The second pivot is 3/2. The second step in elimination gives the following:

\left[ \begin{array}{rrrrr} 2&-1&0&0&0 \\  0&\frac{3}{2}&-1&0&0 \\ 0&0&\frac{4}{3}&-1&0 \\   0&0&-1&2&5 \end{array} \right]

The third pivot is 4/3. The third step in elimination gives the following:

\left[ \begin{array}{rrrrr}  2&-1&0&0&0 \\  0&\frac{3}{2}&-1&0&0 \\  0&0&\frac{4}{3}&-1&0 \\   0&0&0&\frac{5}{4}&5  \end{array} \right]

Now that the system is in trangular form we re-express it using u, v, w, and z:

\setlength\arraycolsep{0.2em}\begin{array}{rcrcrcrcl}2u&-&v&&&&&=&0   \\ &&\frac{3}{2}v&-&w&&&=&0 \\  &&&&\frac{4}{3}w&-&z&=&0 \\  &&&&&&\frac{5}{4}z&=&5 \end{array}

and then back-substitute, starting with solving for z:

\begin{array}{rcrcr}\frac{5}{4}z = 5&\Rightarrow&z = 4&& \\  \frac{4}{3}w - z = 0&\Rightarrow&\frac{4}{3}w = 4&\Rightarrow&w = 3 \\ \frac{3}{2}v - w = 0&\Rightarrow&\frac{3}{2}v = 3&\Rightarrow&v = 2 \\ 2u  - v = 0&\Rightarrow&2u = 2&\Rightarrow&u =  1\end{array}

So the solution is u = 1, v = 2, w = 3, z = 4.

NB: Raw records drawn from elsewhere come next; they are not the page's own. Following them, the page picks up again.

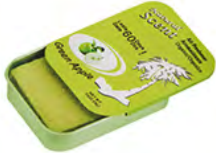
IA 1010 -A
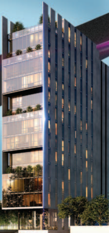
VANTAGE 27 ROAD 27, DHANMONDI

EXPLORE LEADING BUSINESS OPPORTUNITIES IN DHANMONDI
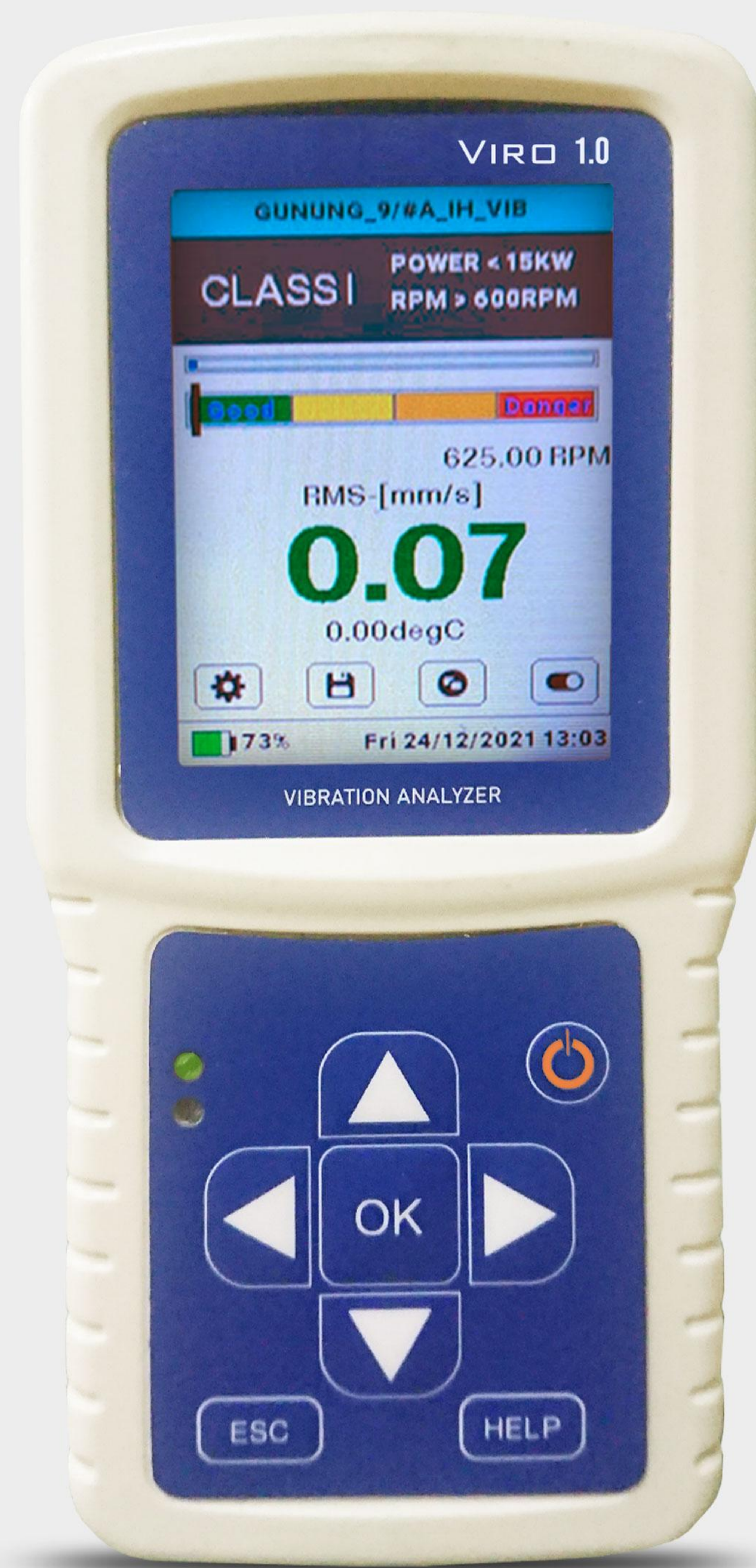
Vibration Data Logger
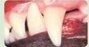
(1) Healthy mouth
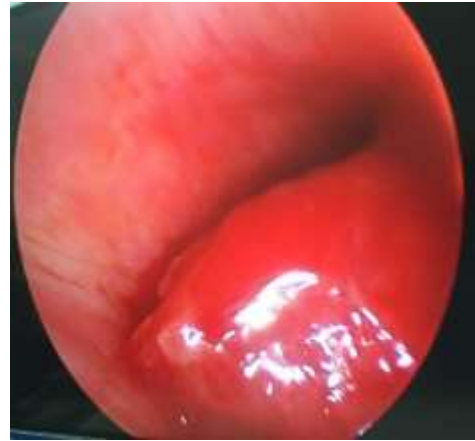
Figure.2. An intraluminal mass was observed in the proximal bronchus intermedius in Bronchoscopy.
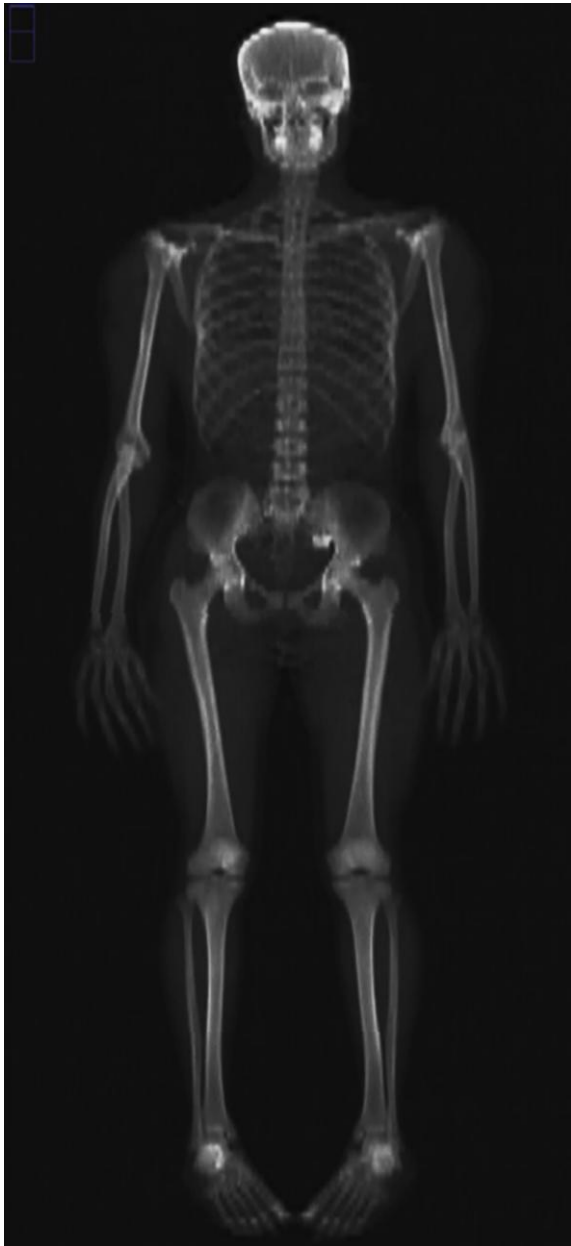
Figure 1: Example whole body DXA image used in this study
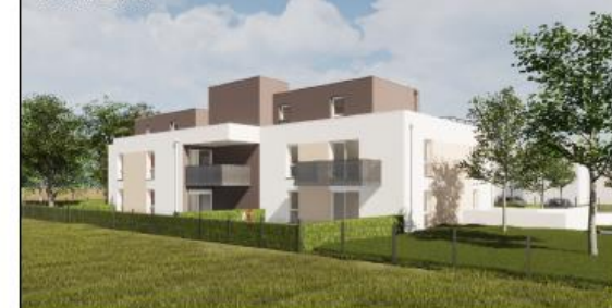
Etage 1 Lot 11-T2
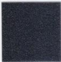
Noir 2200 Sablé YW360F
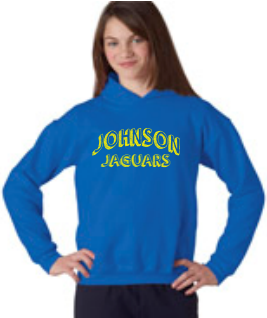
Royal Blue Pullover Hooded 50/50 Sweatshirt with Johnson Jaguars design printed in Gold on front.
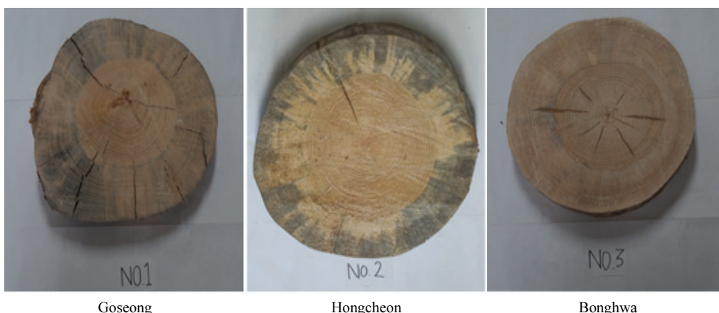
Fig. 1. Disks from each province.
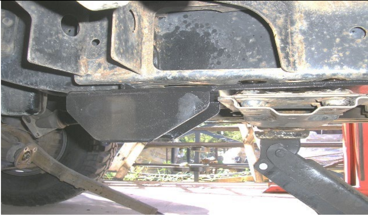
FIGURE 1: FITTING OF THE DROP BOX
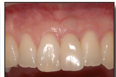
4b. Replacement implant and final restoration.

In this instance, the risk of placing an immediate far exceeded the reward due to the complications that arose.
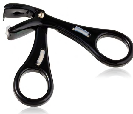
Japonesque Lash Curler
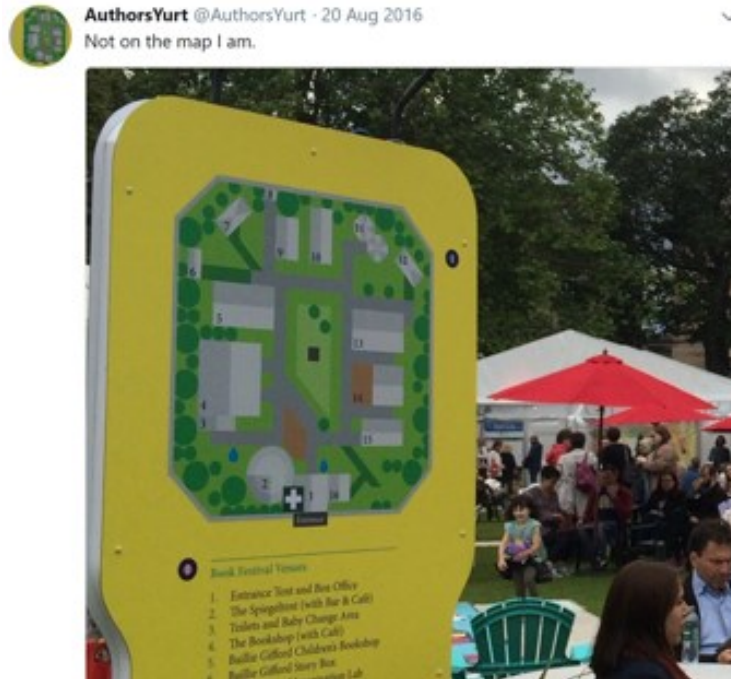
Figure 5: @AuthorsYurt notes it is not on the map.

Some authors enthusiastically embraced the possibility of having an online conversation with @AuthorsYurt, taking advantage of Twitter’s interactivity. A.L. Kennedy, whose observations in On Writing we referred to earlier, seemed particularly taken with @AuthorsYurt, comparing its turns-of-phrase to Yoda’s, and sending a series of cheeky tweets. Adding to the humour, a second Authors Yurt account was set up (by person or persons unknown to us), then a third joined the fray, flirting with horse gifs and the lure of the Mongolian plains. The original @AuthorsYurt took the opportunity to satirize the quantification tendency of creative industries discourse, by counting the number of Authors’ Yurt accounts. In response to a journalist’s tweet that reported festival “ticket sales up 3.5% and more than 62,000 books sold this year,” @AuthorsYurt tweeted, “Also, talking yurts 3 from 0 up.” 42
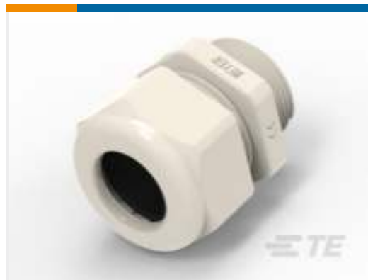
TE Part #T3209251212-001 HSK-M25G-H
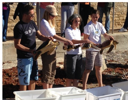
Above: Release of rehabilitated turtles.
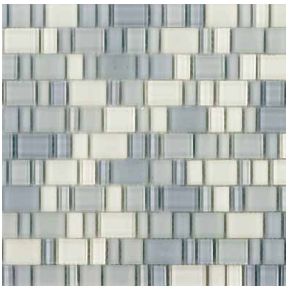
GLACGFOBOND | bond mosaic |
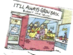
Where Mom used to take you.
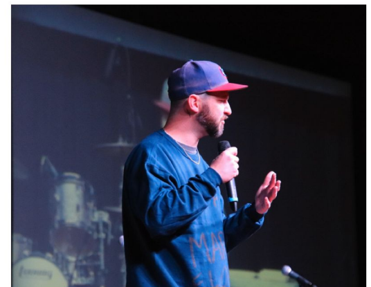
Scenes from Veritas in March. Veritas is an annual event that is youth-focused and features worship music, speaking, and testimonies.
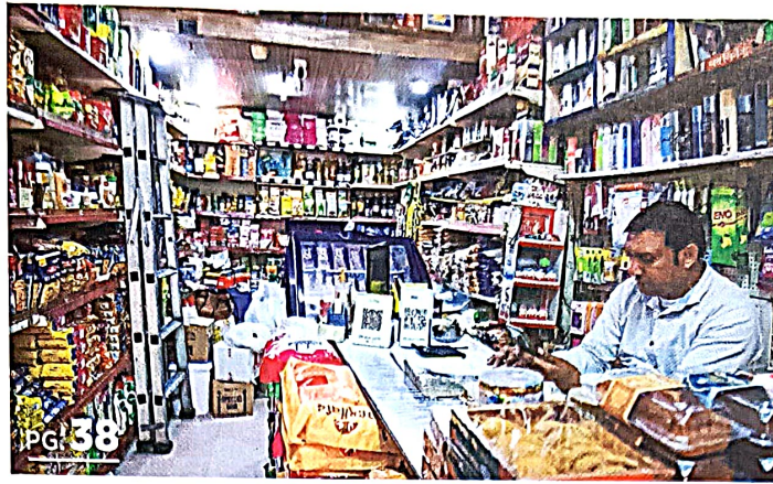
Grocery stores, such as this one in Dwarka, New Delhi, are experiencing lower purchase volumes amid the rise of QComm

NOTE: This continues a series of posts containing worked out exercises from the (out of print) book Linear Algebra and Its Applications, Third Edition by Gilbert Strang.

If you find these posts useful I encourage you to also check out the more current Linear Algebra and Its Applications, Fourth Edition, Dr Strang’s introductory textbook Introduction to Linear Algebra, Fourth Edition and the accompanying free online course, and Dr Strang’s other books.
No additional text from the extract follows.